每次出现元音时反转字符串的函数？

Question

I'm trying to make a function that, for every occurrence of a vowel in a string, reverses said-string (and includes the vowel when it does this). The function is somewhat complex for my understanding so I'd like some help and a maybe a breakdown of it. However, I would only like to use the operators and statements that I'm currently learning (for/while and if). If possible, I would also like to avoid using list comprehension.

Here's what the inputs and outputs should look like:

an example input would be reverse_per_vowel('aerith') which returns 'iraeth'

If we break the process of this function into steps, it should look like:

( a )erith → ( a )erith ( the first letter is a vowel, so it is reversed. However, because it is the first letter in the string, there are no visible changes. )

(a e )rith → ( e a)rith ( the second letter is also a vowel, so every letter in the string leading up to and including the vowel is reversed. )

(ear i )th → ( i rae)th ( the fourth letter is a vowel, so everything leading up to and including it is also reversed. Note how it accounts for the letters in the string that were reversed previously. )

as you can see, the amount of times the string is reversed is cumulative and I'm not quite sure how to code for this. However, I've attempted to write a component of the function.

What I'm trying

vowellist = 'aeiouAEIOU'
sampleword = 'aerith'

indexlist = []
for i in range(len(sampleword)):
    if sampleword[i] in vowel_list:
        indexlist.append(i)
indexlist

output: [0, 1, 3]

this excerpt does not reverse any parts of the string, however it returns indexes where the string should be reversed. What I planned on doing was plugging these indexes back into the sample word somehow and using [::-1] to reverse a portion of the string. However, I don't know how I would do this nor if it would be a good idea. Any help would be appreciated.

Answer 1

If there are many vowels, then the repeated reversals seem like they could be avoided, as a second reversal somewhat is an undo of the previous reversal.

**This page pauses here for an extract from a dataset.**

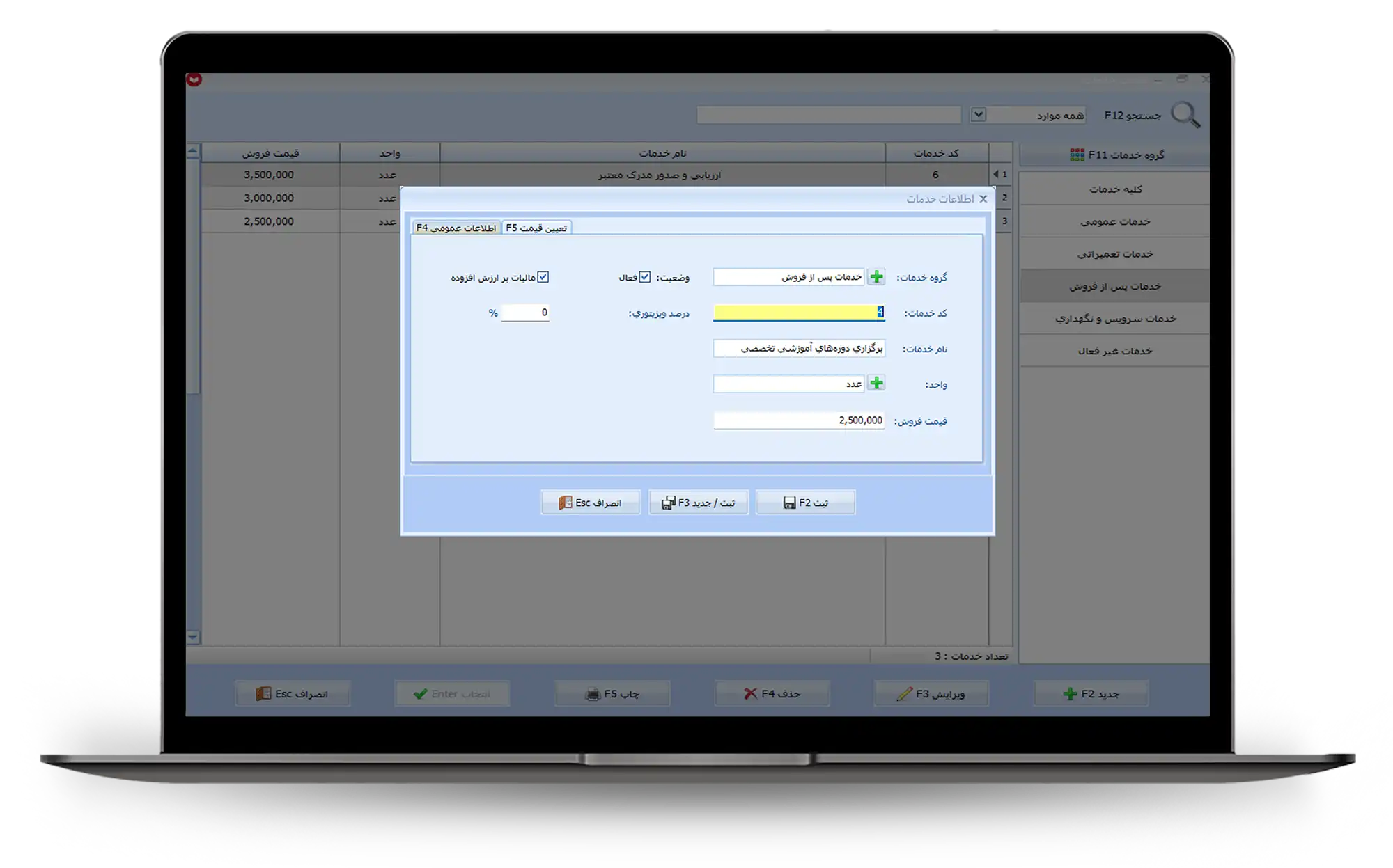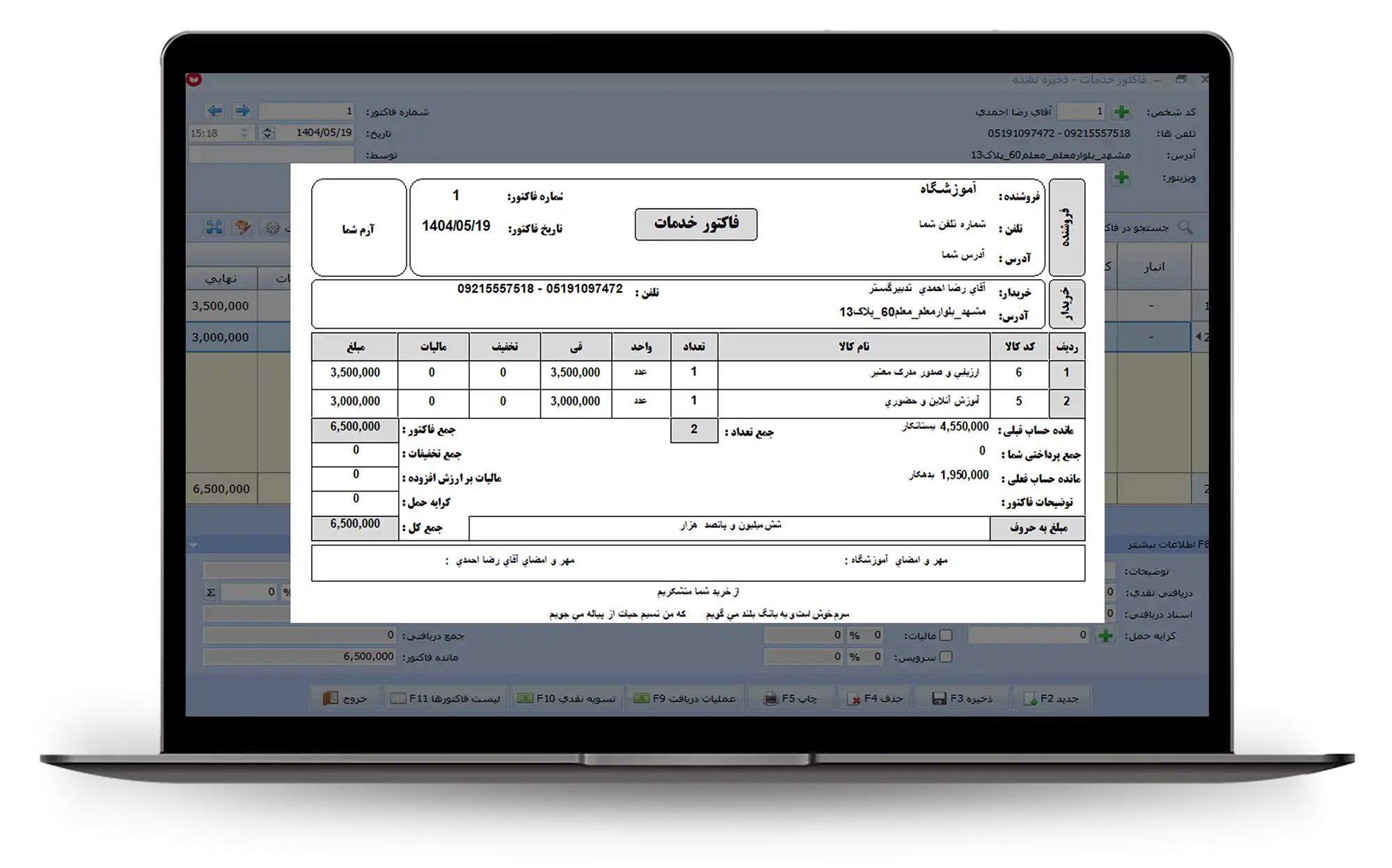 - فروش همزمان کالا و خدمات در یک فاکتور
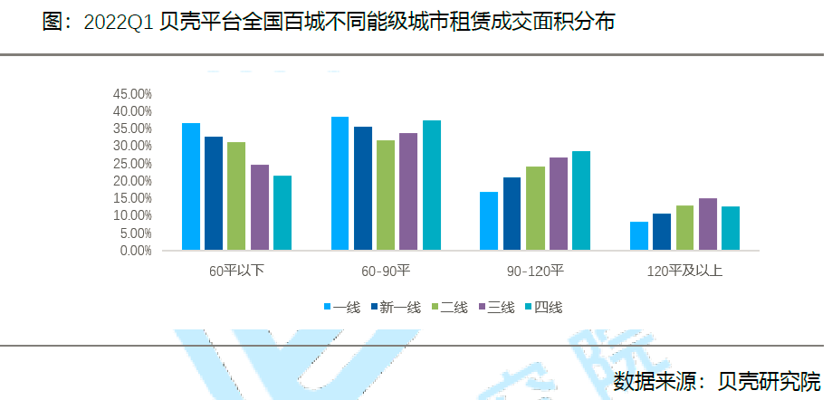 面积方面,随着城市能级提高60平米以下成交占比增加,90-120平米成交占比减少。根据贝壳研究院数据,各能级城市租赁成交中60-90平米租赁房源占比最高,均超过30%,60平米以下和90-120平米占比差异较大,一线、新一线及二线城市60平米成交占比超过30%,一线城市达到36.7%,四线城市一居室成交占比最低为21.6%;90-120平米成交占比最高的为四线城市,达到近30%,随着能级提高,90-120平米占比逐步降低,一线城市90-120平占比最低为16.8%。从季度成交环比和同比来看,各能级城市面积段成交结构变化不大,相对稳定。

And yes, you could use this algorithm:

• Build two strings. They start emtpy, and mark the second of them as the "active" one.

• Visit the input characters in reversed order: from last to first

  • As long as they are consonants add them to the currently active string
  • When it is a vowel, switch the active string to be the other one, and add the vowel there

• At the end of this process, reverse the second string and return the concatenation of the two strings:

VOWELS = set("aeiouAEIOU")

def reverse_per_vowel(s):
    endings = ["", ""]
    side = 1
    for c in reversed(s):
        if c in VOWELS:
            side = 1 - side  # Toggle between 0 and 1
        endings[side] += c
    return endings[0] + endings[1][::-1]

As this algorithm is not reversing each time it meets a vowel, but only performs one reversal at the end, it runs with linear time complexity, contrary to what you would get if you implement the described process literally, which has a worst case time complexity of O(n²).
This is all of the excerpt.